The exhibition will inaugurate the commemoration of the 80th anniversary of the Exposition Internationale des Arts et des Techniques appliquées à la Vie Moderne, in 1937 in Paris, with the aim of paying homage to the artists who took place in it. The curator of the show, Juan Manuel Bonet, current director of the Instituto Cervantes in Paris, and former director of the Museo Nacional Centro de Arte Reina Sofía in Madrid, explains: “Everyday there is an increasing awareness that the International Exposition was an exceptional event”. The Spanish Pavilion for the Universal Exposition of Paris, 1937, was created in a period of great turbulence, as Spain was in the midst of a Civil War. For this reason, the Pavilion presented by the Spanish Republican Government became a strategic platform to vindicate the tragic situation the country was going through. The architects who designed the building were Josep Lluís Sert and Luis Lacasa, and José Gaos was the curator of the exhibition. José Gaos counted on the participation of many Spanish artists. The main artists: Picasso (Guernica), Miró (El Segador), Calder (Mercury Fountain) and González (Montserrat) created some of the most relevant pieces in art history. In this regard, Picasso commented: “Maybe, later on, some art historian will prove that my painting has changed because of the war. I myself don’t know”. According to Joan Miró’s grandson Joan Punyet Miró: “The Reaper and the Guernica seemed political propaganda posters of monumental dimensions. Nobody chose a solid and durable support, because they knew in advance that those works were ephemeral, just to make an impact, and that they would finally disappear together with the pavilion.”

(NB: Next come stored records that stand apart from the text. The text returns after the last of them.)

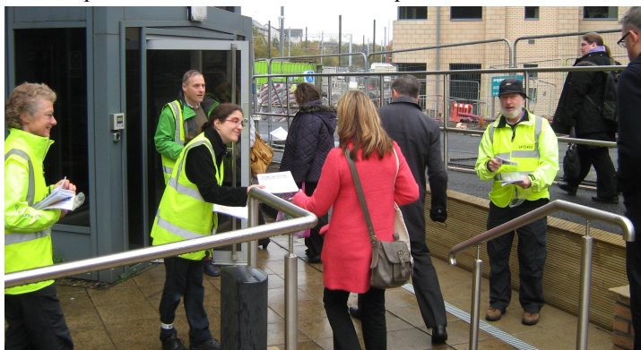
Spokes members leaflet 200 delegates about the budget as they arrive at the Sustainable Scotland Network conference where the Climate Change Minister was speaking

The budget process continues in Nov/Dec, with a probable final January vote. Please write now if you've not yet - the sooner you write the more likely you are to have an effect. Please send us useful replies so we can include relevant points on our website.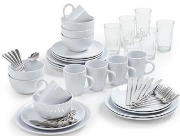
Crockery and Mirrors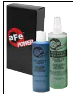
Blue Squeeze Restore Kit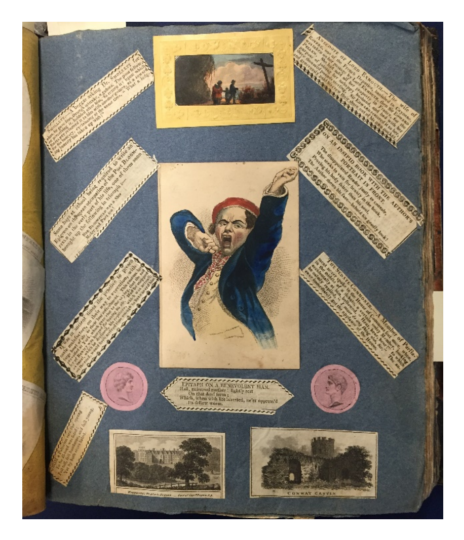
Figure 2. Page from an anonymous scrapbook, ca. 1834, #160, Harry Page Collection, Special Collections, Manchester Metropolitan University.

<10>Of particular interest are the borders around the snippets on this page—all of which were cut and pasted from another source. This sort of embellishment is designed to obscure the cut edges of the newspaper fragments, making them seem more pictorial. We can perhaps approach them as Elaine Freedgood interprets decorative fringe in Victorian interior decoration: as a kind of "kitsch" or excessive decoration which obscures and blurs the edges of things, "construct[ing] limits as variable, permeable, and attenuated structures" (257).(4) If the edges of newspaper scraps define them as paper ephemera, the addition of a decorative border is simultaneously an attempt to obscure the original publication context, to make the print object newly interesting, and to suggest the fungibility of borders imposed by print culture, which can be altered and repurposed for other kinds of artistic and domestic purposes.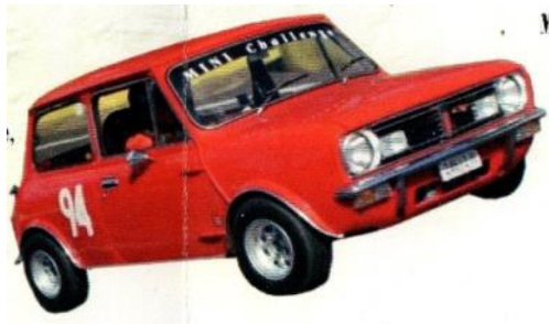
Keve in action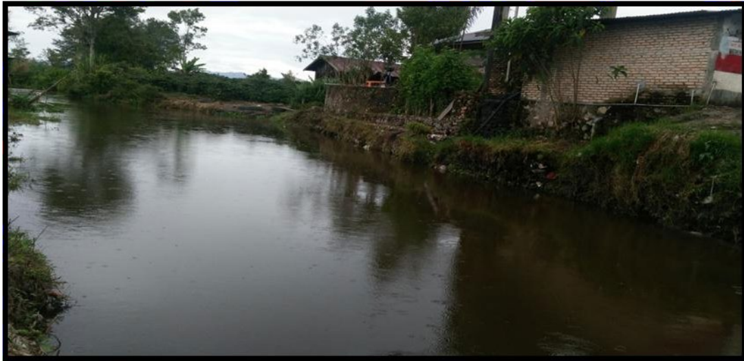
Figure 3 Research location at Station 3

This a historically accurate project featuring paintings, drawings and sculptures by Pablo Picasso, Joan Miró, Alexander Calder and Julio González. The exhibition has been the result of a year-long research and document gathering; intense work has been carried out, full of interesting findings and discoveries, that enables us to show and evoke the Spanish Pavilion in a most accurate and faithful way. The pieces that will be displayed share a very close link with those presented by the republican artists in 1937. Furthermore, a reconstruction of El Segador —approved by Successió Miró— will be shown.